**Task instructions**
Output the data below exactly.

──────── Material for this task

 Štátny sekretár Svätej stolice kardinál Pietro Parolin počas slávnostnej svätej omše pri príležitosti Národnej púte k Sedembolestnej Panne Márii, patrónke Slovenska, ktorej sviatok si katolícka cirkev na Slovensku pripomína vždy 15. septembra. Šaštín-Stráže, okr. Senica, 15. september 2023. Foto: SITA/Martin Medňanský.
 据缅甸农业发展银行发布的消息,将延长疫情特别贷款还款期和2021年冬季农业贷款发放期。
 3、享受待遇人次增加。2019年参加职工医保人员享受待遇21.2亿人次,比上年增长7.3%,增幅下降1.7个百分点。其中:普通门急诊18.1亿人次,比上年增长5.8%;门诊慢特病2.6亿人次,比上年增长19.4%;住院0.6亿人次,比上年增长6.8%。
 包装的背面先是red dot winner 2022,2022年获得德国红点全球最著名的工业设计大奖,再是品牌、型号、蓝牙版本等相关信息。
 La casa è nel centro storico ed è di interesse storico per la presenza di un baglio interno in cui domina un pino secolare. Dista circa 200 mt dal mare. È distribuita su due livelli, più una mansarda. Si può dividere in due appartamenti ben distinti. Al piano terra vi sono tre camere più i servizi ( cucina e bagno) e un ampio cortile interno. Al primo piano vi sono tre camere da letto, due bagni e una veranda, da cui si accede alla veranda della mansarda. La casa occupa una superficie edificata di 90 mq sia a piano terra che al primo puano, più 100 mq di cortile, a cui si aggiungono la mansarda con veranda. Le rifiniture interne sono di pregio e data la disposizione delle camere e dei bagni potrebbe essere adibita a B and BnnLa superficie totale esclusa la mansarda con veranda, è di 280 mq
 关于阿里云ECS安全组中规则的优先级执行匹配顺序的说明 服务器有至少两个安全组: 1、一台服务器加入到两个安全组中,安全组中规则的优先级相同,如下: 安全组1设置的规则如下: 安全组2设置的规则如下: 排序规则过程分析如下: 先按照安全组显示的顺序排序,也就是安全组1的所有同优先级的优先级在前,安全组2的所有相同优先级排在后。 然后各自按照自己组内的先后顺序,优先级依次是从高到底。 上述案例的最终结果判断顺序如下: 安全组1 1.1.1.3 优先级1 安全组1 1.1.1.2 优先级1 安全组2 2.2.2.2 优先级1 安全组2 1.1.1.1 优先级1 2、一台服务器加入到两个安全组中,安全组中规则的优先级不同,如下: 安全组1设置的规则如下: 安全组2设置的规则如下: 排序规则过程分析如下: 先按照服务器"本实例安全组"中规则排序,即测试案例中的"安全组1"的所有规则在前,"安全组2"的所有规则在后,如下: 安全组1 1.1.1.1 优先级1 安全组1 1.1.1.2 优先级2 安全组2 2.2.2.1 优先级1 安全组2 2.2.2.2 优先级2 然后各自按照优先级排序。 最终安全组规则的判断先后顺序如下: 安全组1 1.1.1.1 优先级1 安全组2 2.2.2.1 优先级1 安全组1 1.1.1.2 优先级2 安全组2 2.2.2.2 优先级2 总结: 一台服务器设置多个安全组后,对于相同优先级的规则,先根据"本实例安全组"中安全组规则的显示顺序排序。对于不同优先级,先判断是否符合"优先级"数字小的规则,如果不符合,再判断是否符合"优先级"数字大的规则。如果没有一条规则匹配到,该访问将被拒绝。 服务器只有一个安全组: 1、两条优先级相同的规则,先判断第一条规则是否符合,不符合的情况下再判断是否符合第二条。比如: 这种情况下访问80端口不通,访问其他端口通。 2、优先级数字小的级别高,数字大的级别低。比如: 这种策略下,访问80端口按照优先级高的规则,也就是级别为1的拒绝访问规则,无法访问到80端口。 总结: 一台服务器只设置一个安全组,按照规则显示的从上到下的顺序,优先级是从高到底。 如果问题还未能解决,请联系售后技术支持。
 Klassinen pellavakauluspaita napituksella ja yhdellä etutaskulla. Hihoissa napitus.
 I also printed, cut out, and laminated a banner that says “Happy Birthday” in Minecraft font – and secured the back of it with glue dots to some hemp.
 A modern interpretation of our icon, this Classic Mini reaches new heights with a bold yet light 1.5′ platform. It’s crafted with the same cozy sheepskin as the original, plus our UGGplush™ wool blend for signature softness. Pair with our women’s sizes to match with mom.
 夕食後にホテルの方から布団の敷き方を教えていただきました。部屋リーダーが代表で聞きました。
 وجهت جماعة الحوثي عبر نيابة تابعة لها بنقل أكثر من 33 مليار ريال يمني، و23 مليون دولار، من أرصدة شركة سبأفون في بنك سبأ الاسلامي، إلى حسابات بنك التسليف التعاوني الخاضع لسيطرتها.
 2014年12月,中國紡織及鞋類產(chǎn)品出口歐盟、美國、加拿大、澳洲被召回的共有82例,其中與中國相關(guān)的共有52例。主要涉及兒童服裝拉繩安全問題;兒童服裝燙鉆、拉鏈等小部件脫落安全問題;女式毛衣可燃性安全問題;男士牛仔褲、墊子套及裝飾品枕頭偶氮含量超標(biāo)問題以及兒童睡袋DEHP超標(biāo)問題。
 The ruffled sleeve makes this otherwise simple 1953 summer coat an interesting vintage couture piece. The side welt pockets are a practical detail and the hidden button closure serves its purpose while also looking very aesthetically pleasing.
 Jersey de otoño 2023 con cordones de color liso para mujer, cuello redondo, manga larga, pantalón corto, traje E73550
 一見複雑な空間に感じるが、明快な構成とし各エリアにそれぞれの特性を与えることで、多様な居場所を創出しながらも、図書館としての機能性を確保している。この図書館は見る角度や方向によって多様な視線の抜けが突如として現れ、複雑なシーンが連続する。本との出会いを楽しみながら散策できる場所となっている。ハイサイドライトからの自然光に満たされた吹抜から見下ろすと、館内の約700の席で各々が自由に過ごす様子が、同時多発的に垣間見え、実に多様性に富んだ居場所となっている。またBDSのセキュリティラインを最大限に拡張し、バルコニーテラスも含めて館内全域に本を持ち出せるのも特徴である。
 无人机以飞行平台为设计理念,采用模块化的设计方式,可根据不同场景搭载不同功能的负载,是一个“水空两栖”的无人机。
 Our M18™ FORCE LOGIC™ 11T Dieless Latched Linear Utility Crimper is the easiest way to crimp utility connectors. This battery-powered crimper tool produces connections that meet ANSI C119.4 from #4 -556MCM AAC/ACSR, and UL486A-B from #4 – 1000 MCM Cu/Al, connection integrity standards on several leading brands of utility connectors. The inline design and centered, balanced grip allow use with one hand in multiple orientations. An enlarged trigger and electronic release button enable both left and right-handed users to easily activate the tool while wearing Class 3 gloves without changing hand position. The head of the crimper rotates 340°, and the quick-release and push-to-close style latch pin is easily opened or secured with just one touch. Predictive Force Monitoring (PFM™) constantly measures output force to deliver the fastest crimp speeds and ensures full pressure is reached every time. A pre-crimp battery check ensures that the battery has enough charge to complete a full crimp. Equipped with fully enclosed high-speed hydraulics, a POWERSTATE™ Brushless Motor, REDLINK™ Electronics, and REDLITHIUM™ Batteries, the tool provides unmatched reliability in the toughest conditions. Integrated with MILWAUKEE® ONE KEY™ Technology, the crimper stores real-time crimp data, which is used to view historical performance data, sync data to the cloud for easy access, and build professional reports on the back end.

────────────────

**Response to this task**
 Štátny sekretár Svätej stolice kardinál Pietro Parolin počas slávnostnej svätej omše pri príležitosti Národnej púte k Sedembolestnej Panne Márii, patrónke Slovenska, ktorej sviatok si katolícka cirkev na Slovensku pripomína vždy 15. septembra. Šaštín-Stráže, okr. Senica, 15. september 2023. Foto: SITA/Martin Medňanský.
 据缅甸农业发展银行发布的消息,将延长疫情特别贷款还款期和2021年冬季农业贷款发放期。
 3、享受待遇人次增加。2019年参加职工医保人员享受待遇21.2亿人次,比上年增长7.3%,增幅下降1.7个百分点。其中:普通门急诊18.1亿人次,比上年增长5.8%;门诊慢特病2.6亿人次,比上年增长19.4%;住院0.6亿人次,比上年增长6.8%。
 包装的背面先是red dot winner 2022,2022年获得德国红点全球最著名的工业设计大奖,再是品牌、型号、蓝牙版本等相关信息。
 La casa è nel centro storico ed è di interesse storico per la presenza di un baglio interno in cui domina un pino secolare. Dista circa 200 mt dal mare. È distribuita su due livelli, più una mansarda. Si può dividere in due appartamenti ben distinti. Al piano terra vi sono tre camere più i servizi ( cucina e bagno) e un ampio cortile interno. Al primo piano vi sono tre camere da letto, due bagni e una veranda, da cui si accede alla veranda della mansarda. La casa occupa una superficie edificata di 90 mq sia a piano terra che al primo puano, più 100 mq di cortile, a cui si aggiungono la mansarda con veranda. Le rifiniture interne sono di pregio e data la disposizione delle camere e dei bagni potrebbe essere adibita a B and BnnLa superficie totale esclusa la mansarda con veranda, è di 280 mq
 关于阿里云ECS安全组中规则的优先级执行匹配顺序的说明 服务器有至少两个安全组: 1、一台服务器加入到两个安全组中,安全组中规则的优先级相同,如下: 安全组1设置的规则如下: 安全组2设置的规则如下: 排序规则过程分析如下: 先按照安全组显示的顺序排序,也就是安全组1的所有同优先级的优先级在前,安全组2的所有相同优先级排在后。 然后各自按照自己组内的先后顺序,优先级依次是从高到底。 上述案例的最终结果判断顺序如下: 安全组1 1.1.1.3 优先级1 安全组1 1.1.1.2 优先级1 安全组2 2.2.2.2 优先级1 安全组2 1.1.1.1 优先级1 2、一台服务器加入到两个安全组中,安全组中规则的优先级不同,如下: 安全组1设置的规则如下: 安全组2设置的规则如下: 排序规则过程分析如下: 先按照服务器"本实例安全组"中规则排序,即测试案例中的"安全组1"的所有规则在前,"安全组2"的所有规则在后,如下: 安全组1 1.1.1.1 优先级1 安全组1 1.1.1.2 优先级2 安全组2 2.2.2.1 优先级1 安全组2 2.2.2.2 优先级2 然后各自按照优先级排序。 最终安全组规则的判断先后顺序如下: 安全组1 1.1.1.1 优先级1 安全组2 2.2.2.1 优先级1 安全组1 1.1.1.2 优先级2 安全组2 2.2.2.2 优先级2 总结: 一台服务器设置多个安全组后,对于相同优先级的规则,先根据"本实例安全组"中安全组规则的显示顺序排序。对于不同优先级,先判断是否符合"优先级"数字小的规则,如果不符合,再判断是否符合"优先级"数字大的规则。如果没有一条规则匹配到,该访问将被拒绝。 服务器只有一个安全组: 1、两条优先级相同的规则,先判断第一条规则是否符合,不符合的情况下再判断是否符合第二条。比如: 这种情况下访问80端口不通,访问其他端口通。 2、优先级数字小的级别高,数字大的级别低。比如: 这种策略下,访问80端口按照优先级高的规则,也就是级别为1的拒绝访问规则,无法访问到80端口。 总结: 一台服务器只设置一个安全组,按照规则显示的从上到下的顺序,优先级是从高到底。 如果问题还未能解决,请联系售后技术支持。
 Klassinen pellavakauluspaita napituksella ja yhdellä etutaskulla. Hihoissa napitus.
 I also printed, cut out, and laminated a banner that says “Happy Birthday” in Minecraft font – and secured the back of it with glue dots to some hemp.
 A modern interpretation of our icon, this Classic Mini reaches new heights with a bold yet light 1.5′ platform. It’s crafted with the same cozy sheepskin as the original, plus our UGGplush™ wool blend for signature softness. Pair with our women’s sizes to match with mom.
 夕食後にホテルの方から布団の敷き方を教えていただきました。部屋リーダーが代表で聞きました。
 وجهت جماعة الحوثي عبر نيابة تابعة لها بنقل أكثر من 33 مليار ريال يمني، و23 مليون دولار، من أرصدة شركة سبأفون في بنك سبأ الاسلامي، إلى حسابات بنك التسليف التعاوني الخاضع لسيطرتها.
 2014年12月,中國紡織及鞋類產(chǎn)品出口歐盟、美國、加拿大、澳洲被召回的共有82例,其中與中國相關(guān)的共有52例。主要涉及兒童服裝拉繩安全問題;兒童服裝燙鉆、拉鏈等小部件脫落安全問題;女式毛衣可燃性安全問題;男士牛仔褲、墊子套及裝飾品枕頭偶氮含量超標(biāo)問題以及兒童睡袋DEHP超標(biāo)問題。
 The ruffled sleeve makes this otherwise simple 1953 summer coat an interesting vintage couture piece. The side welt pockets are a practical detail and the hidden button closure serves its purpose while also looking very aesthetically pleasing.
 Jersey de otoño 2023 con cordones de color liso para mujer, cuello redondo, manga larga, pantalón corto, traje E73550
 一見複雑な空間に感じるが、明快な構成とし各エリアにそれぞれの特性を与えることで、多様な居場所を創出しながらも、図書館としての機能性を確保している。この図書館は見る角度や方向によって多様な視線の抜けが突如として現れ、複雑なシーンが連続する。本との出会いを楽しみながら散策できる場所となっている。ハイサイドライトからの自然光に満たされた吹抜から見下ろすと、館内の約700の席で各々が自由に過ごす様子が、同時多発的に垣間見え、実に多様性に富んだ居場所となっている。またBDSのセキュリティラインを最大限に拡張し、バルコニーテラスも含めて館内全域に本を持ち出せるのも特徴である。
 无人机以飞行平台为设计理念,采用模块化的设计方式,可根据不同场景搭载不同功能的负载,是一个“水空两栖”的无人机。
 Our M18™ FORCE LOGIC™ 11T Dieless Latched Linear Utility Crimper is the easiest way to crimp utility connectors. This battery-powered crimper tool produces connections that meet ANSI C119.4 from #4 -556MCM AAC/ACSR, and UL486A-B from #4 – 1000 MCM Cu/Al, connection integrity standards on several leading brands of utility connectors. The inline design and centered, balanced grip allow use with one hand in multiple orientations. An enlarged trigger and electronic release button enable both left and right-handed users to easily activate the tool while wearing Class 3 gloves without changing hand position. The head of the crimper rotates 340°, and the quick-release and push-to-close style latch pin is easily opened or secured with just one touch. Predictive Force Monitoring (PFM™) constantly measures output force to deliver the fastest crimp speeds and ensures full pressure is reached every time. A pre-crimp battery check ensures that the battery has enough charge to complete a full crimp. Equipped with fully enclosed high-speed hydraulics, a POWERSTATE™ Brushless Motor, REDLINK™ Electronics, and REDLITHIUM™ Batteries, the tool provides unmatched reliability in the toughest conditions. Integrated with MILWAUKEE® ONE KEY™ Technology, the crimper stores real-time crimp data, which is used to view historical performance data, sync data to the cloud for easy access, and build professional reports on the back end.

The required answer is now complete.